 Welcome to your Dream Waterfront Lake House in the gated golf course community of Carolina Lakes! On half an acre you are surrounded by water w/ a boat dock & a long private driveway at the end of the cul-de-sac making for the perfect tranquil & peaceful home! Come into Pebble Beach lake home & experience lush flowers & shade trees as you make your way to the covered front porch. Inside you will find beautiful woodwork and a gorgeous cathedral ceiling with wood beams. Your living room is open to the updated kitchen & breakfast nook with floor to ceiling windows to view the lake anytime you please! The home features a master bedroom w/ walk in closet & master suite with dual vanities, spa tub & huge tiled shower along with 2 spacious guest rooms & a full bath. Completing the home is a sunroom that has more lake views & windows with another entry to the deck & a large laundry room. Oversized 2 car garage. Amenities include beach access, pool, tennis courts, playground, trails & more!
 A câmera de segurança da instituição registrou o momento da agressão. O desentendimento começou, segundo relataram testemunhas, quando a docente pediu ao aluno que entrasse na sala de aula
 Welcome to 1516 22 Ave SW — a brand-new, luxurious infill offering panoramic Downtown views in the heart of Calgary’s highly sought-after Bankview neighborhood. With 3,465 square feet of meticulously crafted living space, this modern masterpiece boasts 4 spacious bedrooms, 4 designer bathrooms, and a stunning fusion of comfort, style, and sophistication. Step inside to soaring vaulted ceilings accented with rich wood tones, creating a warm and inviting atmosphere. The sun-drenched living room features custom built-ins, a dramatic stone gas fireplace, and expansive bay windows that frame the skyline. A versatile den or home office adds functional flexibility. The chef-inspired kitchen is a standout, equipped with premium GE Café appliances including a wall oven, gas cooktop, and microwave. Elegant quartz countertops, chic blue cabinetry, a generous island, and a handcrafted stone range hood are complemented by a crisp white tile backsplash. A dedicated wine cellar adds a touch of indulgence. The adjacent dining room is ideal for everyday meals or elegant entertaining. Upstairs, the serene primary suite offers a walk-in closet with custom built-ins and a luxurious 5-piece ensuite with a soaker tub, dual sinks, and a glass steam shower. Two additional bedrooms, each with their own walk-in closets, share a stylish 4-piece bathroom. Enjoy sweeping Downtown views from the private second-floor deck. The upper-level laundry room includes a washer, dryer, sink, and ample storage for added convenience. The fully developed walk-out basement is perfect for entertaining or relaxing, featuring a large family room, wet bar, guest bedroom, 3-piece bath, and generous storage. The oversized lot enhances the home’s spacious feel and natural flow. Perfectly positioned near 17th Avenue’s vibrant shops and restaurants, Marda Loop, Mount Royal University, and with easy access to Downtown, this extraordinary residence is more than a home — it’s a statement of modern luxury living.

==

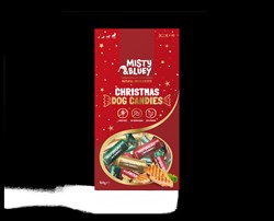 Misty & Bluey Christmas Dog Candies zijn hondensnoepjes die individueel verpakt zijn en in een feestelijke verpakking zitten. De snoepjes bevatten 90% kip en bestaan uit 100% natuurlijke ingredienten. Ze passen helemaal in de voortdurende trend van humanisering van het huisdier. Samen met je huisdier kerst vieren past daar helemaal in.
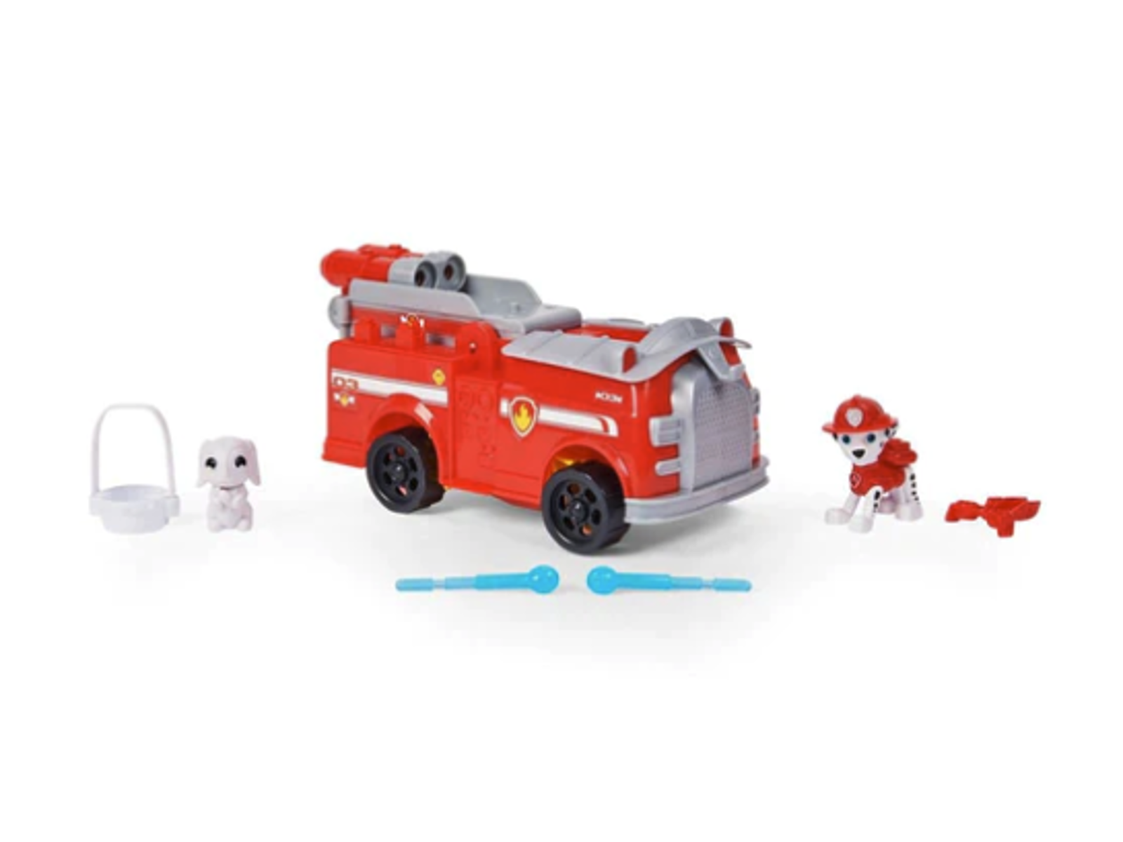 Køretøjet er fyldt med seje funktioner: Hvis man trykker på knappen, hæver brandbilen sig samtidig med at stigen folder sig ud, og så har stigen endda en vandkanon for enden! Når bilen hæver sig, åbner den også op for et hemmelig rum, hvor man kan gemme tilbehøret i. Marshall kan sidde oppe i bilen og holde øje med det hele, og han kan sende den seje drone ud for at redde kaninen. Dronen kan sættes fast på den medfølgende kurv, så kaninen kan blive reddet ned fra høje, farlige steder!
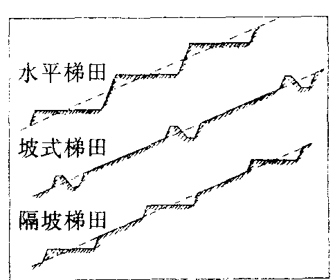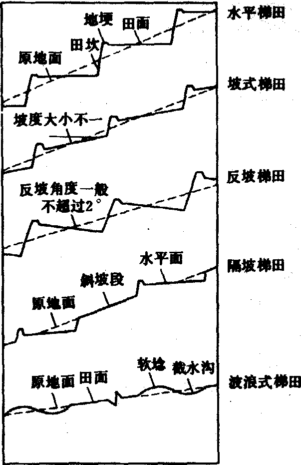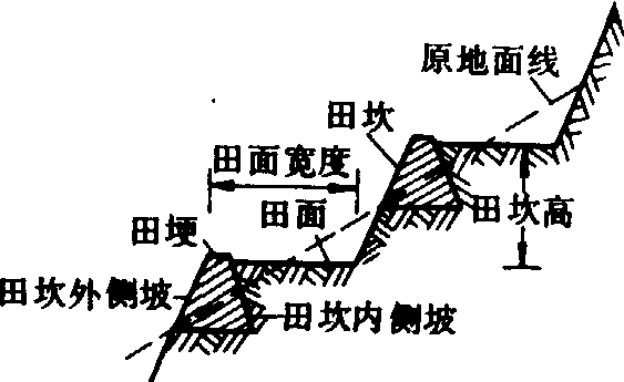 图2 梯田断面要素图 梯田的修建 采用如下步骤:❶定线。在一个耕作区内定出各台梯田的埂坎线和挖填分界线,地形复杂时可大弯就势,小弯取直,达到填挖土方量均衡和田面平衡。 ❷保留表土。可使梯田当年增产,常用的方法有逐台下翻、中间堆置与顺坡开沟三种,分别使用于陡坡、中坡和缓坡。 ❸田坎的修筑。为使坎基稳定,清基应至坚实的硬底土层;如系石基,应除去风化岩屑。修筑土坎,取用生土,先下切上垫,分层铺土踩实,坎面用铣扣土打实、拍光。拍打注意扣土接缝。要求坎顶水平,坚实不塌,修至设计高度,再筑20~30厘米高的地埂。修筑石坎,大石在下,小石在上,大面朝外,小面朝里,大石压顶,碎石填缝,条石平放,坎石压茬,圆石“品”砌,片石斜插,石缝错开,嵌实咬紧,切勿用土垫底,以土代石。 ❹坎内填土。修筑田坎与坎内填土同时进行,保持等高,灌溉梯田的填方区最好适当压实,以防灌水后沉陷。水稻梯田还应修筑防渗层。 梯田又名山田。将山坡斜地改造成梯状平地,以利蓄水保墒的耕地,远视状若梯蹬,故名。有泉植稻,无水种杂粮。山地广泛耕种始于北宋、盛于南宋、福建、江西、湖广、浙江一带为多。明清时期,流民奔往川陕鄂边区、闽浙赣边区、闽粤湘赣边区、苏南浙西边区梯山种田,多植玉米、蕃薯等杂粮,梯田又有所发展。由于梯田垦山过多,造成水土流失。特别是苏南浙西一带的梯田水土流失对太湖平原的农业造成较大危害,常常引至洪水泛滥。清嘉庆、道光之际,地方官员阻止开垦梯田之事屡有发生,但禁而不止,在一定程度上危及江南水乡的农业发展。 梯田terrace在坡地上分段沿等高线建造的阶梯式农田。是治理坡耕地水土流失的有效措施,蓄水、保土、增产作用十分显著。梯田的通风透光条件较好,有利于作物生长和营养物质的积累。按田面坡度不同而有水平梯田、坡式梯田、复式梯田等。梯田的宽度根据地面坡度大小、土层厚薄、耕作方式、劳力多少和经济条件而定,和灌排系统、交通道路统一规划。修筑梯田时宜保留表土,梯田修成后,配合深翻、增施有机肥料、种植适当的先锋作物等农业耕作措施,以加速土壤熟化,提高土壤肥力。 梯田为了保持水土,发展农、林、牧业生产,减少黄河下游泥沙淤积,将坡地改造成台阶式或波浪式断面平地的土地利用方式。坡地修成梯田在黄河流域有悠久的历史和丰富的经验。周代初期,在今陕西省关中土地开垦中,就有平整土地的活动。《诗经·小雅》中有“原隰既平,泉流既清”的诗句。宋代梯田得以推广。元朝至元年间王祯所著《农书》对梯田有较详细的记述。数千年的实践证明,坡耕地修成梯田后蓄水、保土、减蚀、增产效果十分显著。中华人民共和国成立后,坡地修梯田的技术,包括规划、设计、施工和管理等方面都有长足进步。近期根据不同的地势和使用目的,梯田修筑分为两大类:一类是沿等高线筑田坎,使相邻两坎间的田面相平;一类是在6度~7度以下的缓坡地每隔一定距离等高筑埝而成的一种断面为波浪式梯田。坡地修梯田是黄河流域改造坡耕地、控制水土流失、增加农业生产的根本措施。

• [EXERCISE]: Copy word for word the stretch of entries above from the line that has "Welcome to your" through the line that has "A câmera de", both ends included, and nothing outside it.

• [ANSWER SECTION]:
 Welcome to your Dream Waterfront Lake House in the gated golf course community of Carolina Lakes! On half an acre you are surrounded by water w/ a boat dock & a long private driveway at the end of the cul-de-sac making for the perfect tranquil & peaceful home! Come into Pebble Beach lake home & experience lush flowers & shade trees as you make your way to the covered front porch. Inside you will find beautiful woodwork and a gorgeous cathedral ceiling with wood beams. Your living room is open to the updated kitchen & breakfast nook with floor to ceiling windows to view the lake anytime you please! The home features a master bedroom w/ walk in closet & master suite with dual vanities, spa tub & huge tiled shower along with 2 spacious guest rooms & a full bath. Completing the home is a sunroom that has more lake views & windows with another entry to the deck & a large laundry room. Oversized 2 car garage. Amenities include beach access, pool, tennis courts, playground, trails & more!
 A câmera de segurança da instituição registrou o momento da agressão. O desentendimento começou, segundo relataram testemunhas, quando a docente pediu ao aluno que entrasse na sala de aula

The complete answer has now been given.